With her fiction, Boehmer has established an international reputation as a commentator on the aftereffects of colonial history, in particular in post-apartheid South Africa and postcolonial Britain.
Elleke Boehmer was born to Dutch parents in Durban, South Africa, in what she has called the "balmy interstitial zone" where the littoral cultures of the Indian Ocean meet in an African city.She studied towards a degree in English and Modern languages in the Eastern Cape, followed by an incomplete year of studying medicine.

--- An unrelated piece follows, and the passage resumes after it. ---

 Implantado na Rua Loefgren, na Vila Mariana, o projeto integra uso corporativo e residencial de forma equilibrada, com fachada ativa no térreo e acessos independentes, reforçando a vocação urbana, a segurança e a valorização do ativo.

In this period, she became profoundly influenced by the Black Consciousness thought of the activist doctor Steve Biko. After a year and a half of teaching English in Mamelodi township, outside Tshwane (formerly Pretoria) in what is now Gauteng, she won a Rhodes Scholarship to the University of Oxford. She completed an MPhil degree in English Literature 1900 to the present, followed by a doctoral thesis on gendered constructions of the nation in post-independence West and East African literature, both at St. John's College. In 1990, she published her first novel, the bildungsroman Screens Against the Sky.

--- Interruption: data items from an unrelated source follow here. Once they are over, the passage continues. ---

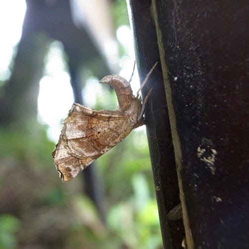 この肩パッドを入れたような形のスズメガは初見。写真ではよく見たことがあるが、前翅が奇妙な形をしているとばかり思っていた。突起部分は後翅がはみ出しているとは・・・。実物を見て納得。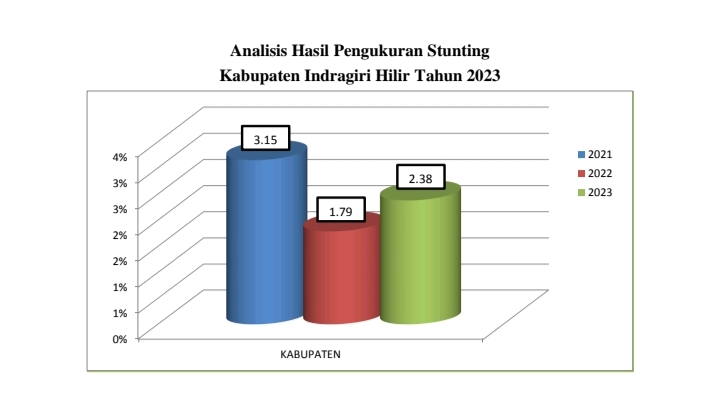 Terlihat dari grafik hasil pengukuran stunting di Kabupaten Inhil tahun 2023 mengalami penurunan dibandingkan dengan tahun 2021. Dimana pada tahun 2021 persentase balita stunting di Inhil 3,15% dan di 2023 : 2,38%, meski sebelumnya di tahun 2022 lebih rendah 1,79%.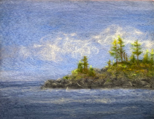 Experience the captivating charm of lush West Coast woodlands and mesmerizing coastal scenes, expressed though natural wool needle-felted landscapes.

She taught at St John's College and then at the Universities of Exeter, Leeds, and Nottingham Trent before her appointment as Hildred Carlile Professor of Literature in English at Royal Holloway, University of London. Since 2007, she has held the Professorship of World Literature in English at the University of Oxford. Boehmer has been a Fellow of the English Academy since 2005. In 2019 she was elected a Fellow of the Royal Society of Literature, and in the same year a Fellow of the Royal Historical Society.
Boehmer is married, and has two sons.
Boehmer's work has been seen as foundational to the field of Postcolonial Studies.
In her first book, Colonial and Postcolonial Literature: Migrant Metaphors (1995, 2nd edn 2005), Boehmer provides a radically historicising survey of global anglophone literary production from the 1830s, the period of the so-called second empire, to the present, and critically examines key arguments, terms, and problems in anti-colonial thought and postcolonial theory. Her central argument is that rather than simply being a reflection of social and political reality, literature is actively engaged in processes of colonisation, decolonisation, and post-independence national identity formation, all, in many respects, “textual undertaking[s]".After tracing the textual construction of empire through a series of close literary readings of popular genres (such as the missionary and explorer travelogue, the adventure romance, the imperial Gothic tale, and the Victorian “domestic” novel) and writers (including Joseph Conrad, Rudyard Kipling, Olive Schreiner, D. H. Lawrence, Virginia Woolf, and T. S. Eliot), she then explores how writers like Chinua Achebe, Wilson Harris, Jamaica Kincaid, Ben Okri, and Ngũgĩ wa Thiong'o have navigated the dialectic of colonial history and post-independence nationalism through their attention to questions of lost cultural heritage, fragmented memory, hybridity, and language. She closes by turning to contemporary women's, indigenous, and migrant postcolonial literatures, and makes the crucial argument that, despite criticisms of such writing for being oriented towards Western markets, "the audacious crossing of different perspectives in post-imperial writing can work as an anti-colonial strategy". Thus articulating a middle-ground between "cosmopolitan" and "local" or "context-based" approaches in Postcolonial Studies, Colonial and Postcolonial Literature suggests a fruitful new direction in the field while offering a now canonical overview of its literatures, theories, and histories.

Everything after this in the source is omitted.